1. A method for detecting the saliency of a panoramic video based on multi-channel features is characterized by comprising the following steps:

2. The method for detecting the saliency of panoramic video based on multi-channel features as claimed in claim 1, wherein in the step 1, the expression of the spherical panoramic image is as follows:

is the latitude of the plane panoramic image projected to the spherical surface,

is the latitude corresponding to the horizontal central axis of the planar panoramic image, wherein the value is 0 and lambda₀The longitude corresponding to the central meridian of the planar panoramic image.

3. The method for detecting the saliency of panoramic video based on multi-channel features as claimed in claim 1, wherein said step 2 comprises the following sub-steps:

4. The method for detecting the saliency of the panoramic video based on the multi-channel features as claimed in claim 3, wherein the plane is a rectangular plane with a fixed length and width and tangent to a spherical surface of the spherical panoramic image, and the curved surfaces with limited visual angles in the visual window are all mapped onto the rectangular plane.

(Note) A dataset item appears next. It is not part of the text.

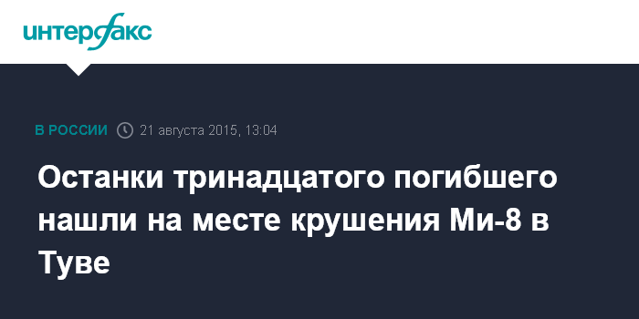 Останки тринадцатого погибшего нашли на месте крушения Ми-8 в Туве
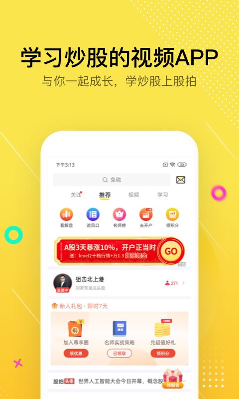 快下载股拍APP,开启股票学习之旅。尊享个性化资讯、短视频、在线教学服务,迅速股票入门,成为炒股高手。

5. The method for detecting the saliency of panoramic video based on multi-channel features as claimed in claim 1, wherein said step 3 comprises the following sub-steps:

wherein ks is a normalized denominator term, C calculates the color distance of CIELAB space, and g is a function_dFor setting a weight based on the distance between the pixel spaces, s' representing another pixel in space, I_s′Represents the corresponding brightness; Ω denotes a set of pixels of the image block, Δ L^*、Δa^*、Δb^*Respectively representing the distances of two pixels on three components in the CIELAB space;

s3.3: local symmetric feature subgraph f for extracting image block₃：

S3.4: extracting semantic feature subgraph f of image block₄：

6. The method for detecting the saliency of panoramic video based on multi-channel features of claim 5, wherein in S3.1, the controllable pyramid model uses spatial filters with different orientations and bandwidths for the construction of each layer, and the spatial filters are applied to extract information of different directions of a gray map; and/or

In S3.1, weights between different frequency components are assigned by CSF functions.

7. The method for detecting the saliency of panoramic video based on multi-channel features as claimed in claim 5, wherein in S3.4, the high-order features of the images in the image blocks are extracted, a target detection algorithm based on multi-scale variability grouping model mixing is adopted, and simultaneously, the features of different levels of the images are extracted by adopting an image pyramid.

8. The method for detecting the saliency of panoramic video based on multi-channel features of claim 5, wherein in S3.5, an LK optical flow method is adopted to detect the image block sequence in the visual window.

9. The method for detecting the saliency of panoramic video based on multi-channel features of claim 1, wherein in the step S4, feature fusion is performed on different feature subgraphs obtained in the step S3 by using a linear weighting method.

10. The method for detecting the saliency of panoramic video based on multi-channel features of claim 9, wherein in the feature fusion process, for a saliency feature subgraph corresponding to a visual window at a high latitude, a lower weight is assigned to suppress the saliency region possibility of two poles during feature fusion.